- Born: January 18, 1955 Flint, Michigan
- Died: August 11, 2016 (aged 61)
- Known for: most tattooed woman in the world

= Julia Gnuse =

American woman who had 95% of her body covered in tattoos

Julia Gnuse (guh-NOO-see) (January 18, 1955 - August 11, 2016), commonly known by the nickname The Illustrated Lady or The Irvine Walker, was an American woman who had 95% of her body (including her face) covered in tattoos and held the Guinness Record for being the most tattooed woman in the world. In her mid-30s, Gnuse developed porphyria, a condition in which sunlight results in blistering of the skin. As the blisters often result in scarring, she began getting tattoos as a way to cover up the scars, which can get as deep as third degree burns. A friend of Gnuse's who was a plastic surgeon had suggested she get her skin tattooed in a pale skin tone color, similar to the color of her scars. This was attempted but did not turn out the way they had hoped.

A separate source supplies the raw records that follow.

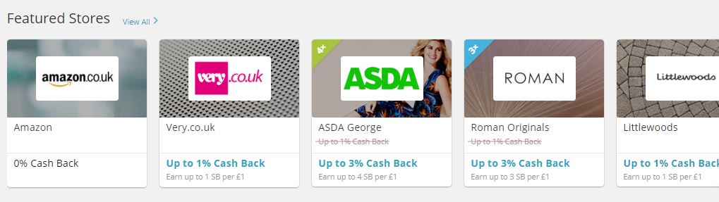 I looked into this in more detail and there are some shops that give you a reasonable rate of return – for example Ann Summers had a 5% SB rate – up to 6 bucks/pounds which if you wanted to shop here isn’t unreasonable. Ebay also gave the equivalent of 1% which is ok I guess.
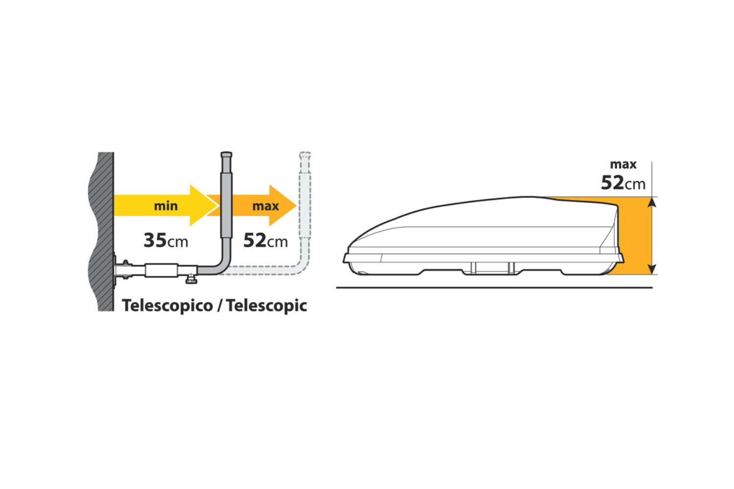 Los soportes de pared para cofres de techo TIPO 1 son prácticos soportes para almacenar el cofre lateralmente, ahorrando espacio y protegiendo el maletero. Su ajuste telescópico de 35 a 52 cm permite una adaptación rápida y sin herramientas a diversos tamaños y formas de cofres. La construcción de tubos de 30/25 mm de diámetro es robusta y estable, y su capacidad de carga máxima de 40 kg permite almacenar la mayoría de los modelos de forma segura.
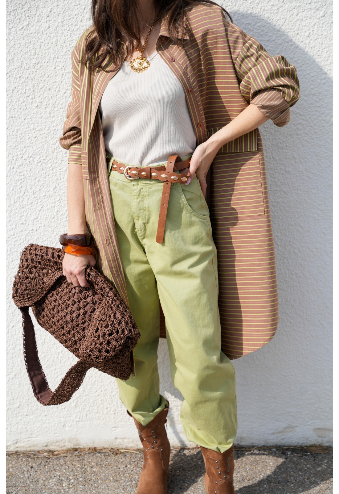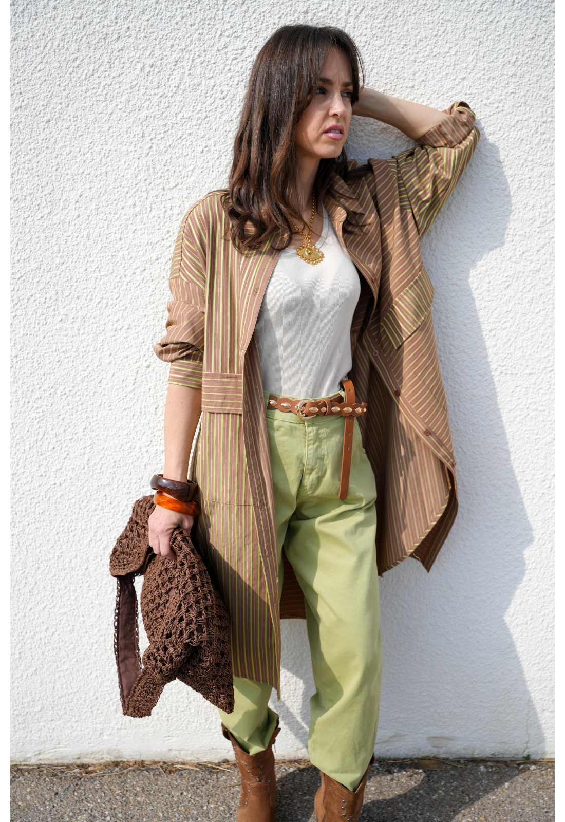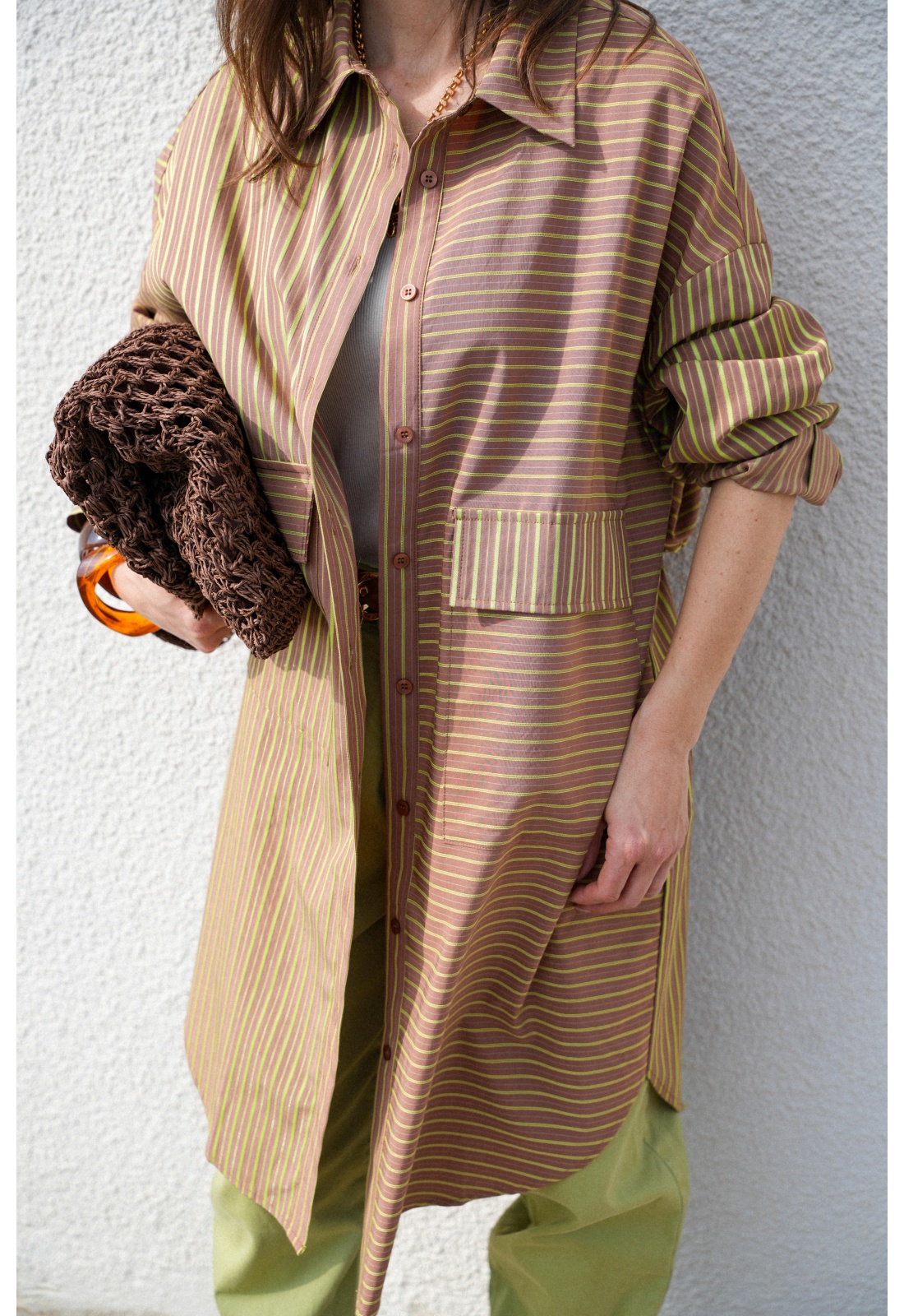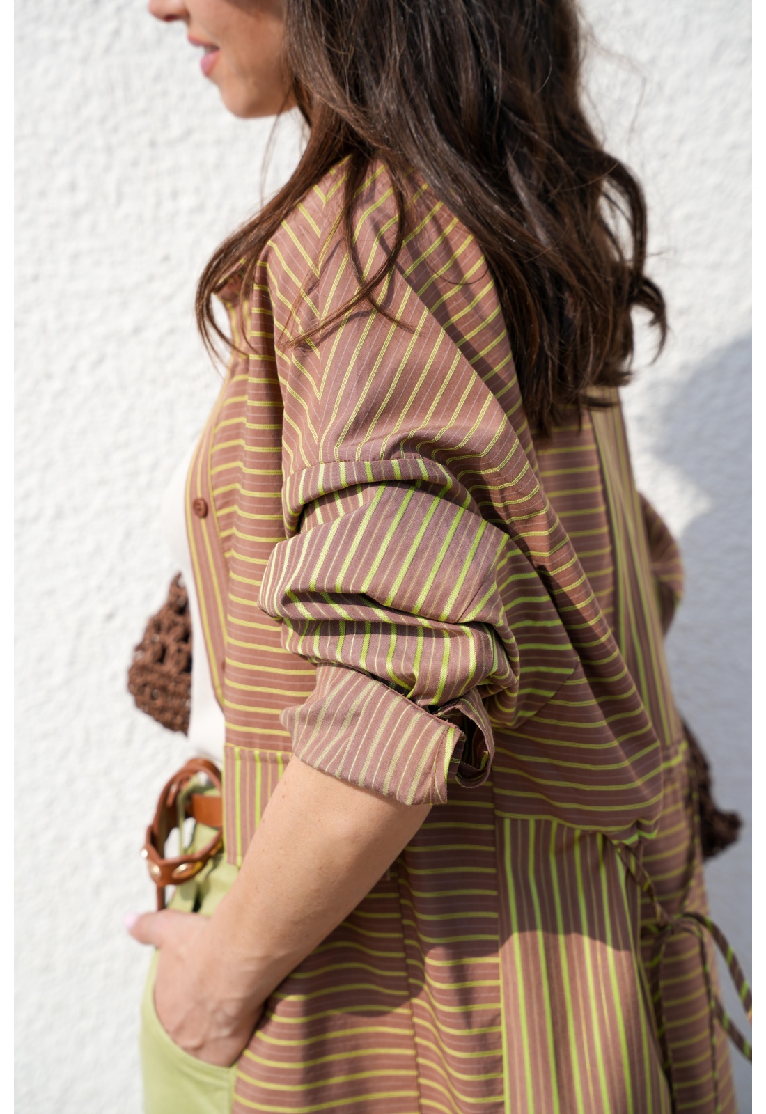 Fond marron rayée verte.

The tattoos did not prevent the skin from blistering as they were purely aesthetic. Instead, she decided to try colorful tattoos, consisting of a variety of themes, including her favorite cartoons, her favorite actors and even a self-portrait.
Gnuse appeared on the TV show Ripley's Believe it or Not!. She also had a small role in Aerosmith's music video for their song "Pink".

In her last year she started to go through laser treatment to get her facial tattoos removed.

She lived in Foothill Ranch, California, and died on August 11, 2016.